Is a marriage performed by a witch doctor legitimate?

Question:

Here in Africa people go to witch doctors in order to get married, which is a sin. Now can you please tell me if people, who are married by a witch doctor, are allowed to have sex with each other because that for me is a sin? Marriage is from God, and it's considered too pure. Where is the purity in such a marriage? We all know that sex before marriage is a sin, but many people are sinning through marriage that God doesn't allow because of spells, magic, and witchcraft. It's also unfair to those being forced into those marriages because they are in contact with sin, thinking that their marriage is from God, but it's actually from a witch doctor. I am sitting in such a situation, and this poor man cries every day because he is married to a woman he doesn't love.

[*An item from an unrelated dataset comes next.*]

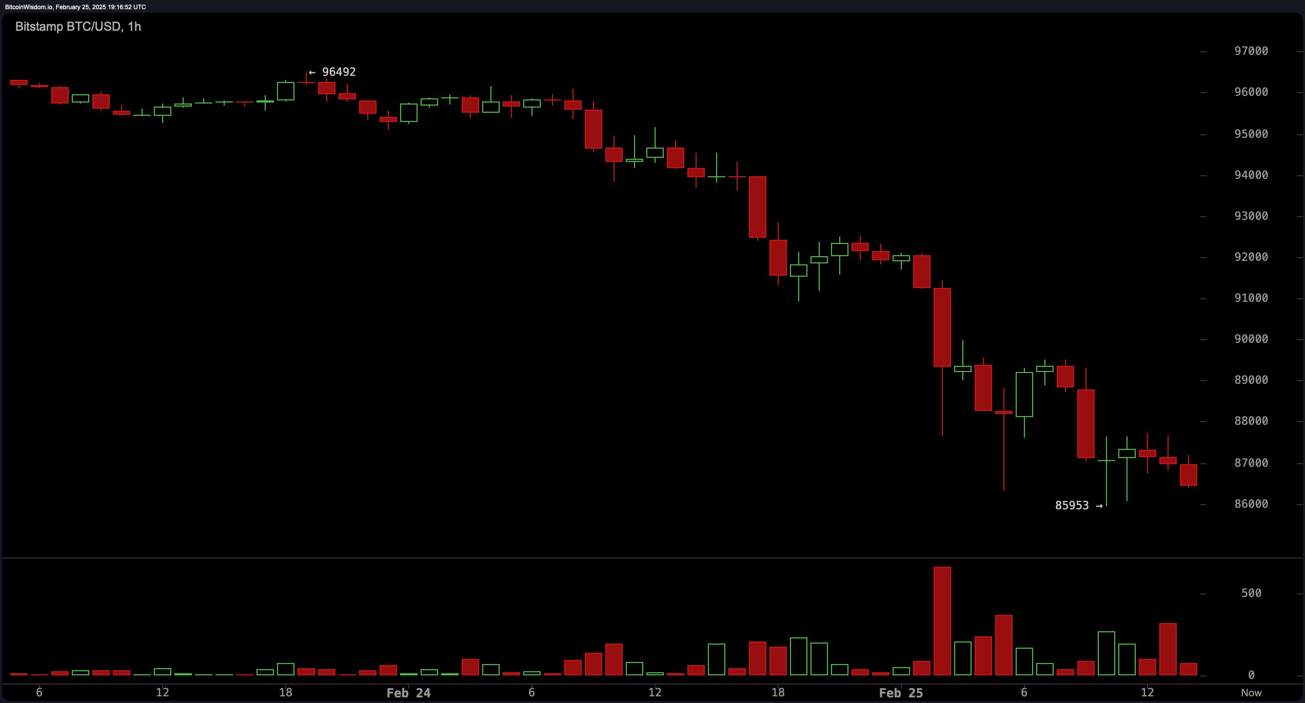 Bitcoin traded at $86,473 at 2:25 p.m. ET on February 25, 2025, with a market capitalization of $1.72 trillion, a 24-hour trade volume of $98 billion, and an intraday price range between $85,953 and $94,587.

These are the people you need to help.

Answer:

The core question is whether a marriage done in a non-Christian environment is considered a marriage.

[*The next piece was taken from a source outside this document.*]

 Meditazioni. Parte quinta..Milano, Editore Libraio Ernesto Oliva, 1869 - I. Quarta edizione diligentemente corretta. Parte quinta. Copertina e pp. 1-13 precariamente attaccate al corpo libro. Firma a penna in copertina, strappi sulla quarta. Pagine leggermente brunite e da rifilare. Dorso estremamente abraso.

From God's point of view, marriage is formed by a covenant (Malachi 2:14). There is no requirement requiring who performs the marriage, nor do you see a requirement that people married prior to becoming Christians must marry again. Instead, we find rules that state that marriages prior to becoming a Christian are recognized as legitimate. "But to the rest I say, not the Lord, that if any brother has a wife who is an unbeliever, and she consents to live with him, he must not divorce her. And a woman who has an unbelieving husband, and he consents to live with her, she must not send her husband away. For the unbelieving husband is sanctified through his wife, and the unbelieving wife is sanctified through her believing husband; for otherwise your children are unclean, but now they are holy" (I Corinthians 7:12-14).

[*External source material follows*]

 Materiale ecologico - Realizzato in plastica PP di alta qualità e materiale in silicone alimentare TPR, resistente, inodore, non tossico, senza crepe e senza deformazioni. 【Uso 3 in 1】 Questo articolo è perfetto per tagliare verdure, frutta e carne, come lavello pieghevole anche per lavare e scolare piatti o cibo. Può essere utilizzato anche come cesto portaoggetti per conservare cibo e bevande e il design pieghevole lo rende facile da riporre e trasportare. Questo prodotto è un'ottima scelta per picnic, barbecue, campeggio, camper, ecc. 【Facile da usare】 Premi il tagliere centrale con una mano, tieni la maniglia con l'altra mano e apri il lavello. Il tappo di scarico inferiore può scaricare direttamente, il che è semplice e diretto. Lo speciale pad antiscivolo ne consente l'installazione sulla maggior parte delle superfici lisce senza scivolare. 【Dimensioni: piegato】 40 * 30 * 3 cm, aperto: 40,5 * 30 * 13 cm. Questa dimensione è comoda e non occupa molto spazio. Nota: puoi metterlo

Purity in marriage comes about because those involved save their sexual relationship only for their spouse. "Marriage is honorable among all, and the bed undefiled; but fornicators and adulterers God will judge" (Hebrews 13:4).

Marriages are not forced because the two people entering the covenant do so willingly.

If you don't love your wife, then I must ask why did you enter into a marriage with her? I understand that you don't love her now, but if you willingly entered into marriage with her, then you are violating your obligations as a husband. "Nevertheless let each one of you in particular so love his own wife as himself, and let the wife see that she respects her husband" (Ephesians 5:33). Love isn't a feeling, though it generates feelings. Love is how you treat the person you love. It is not optional whether a Christian husband loves his wife.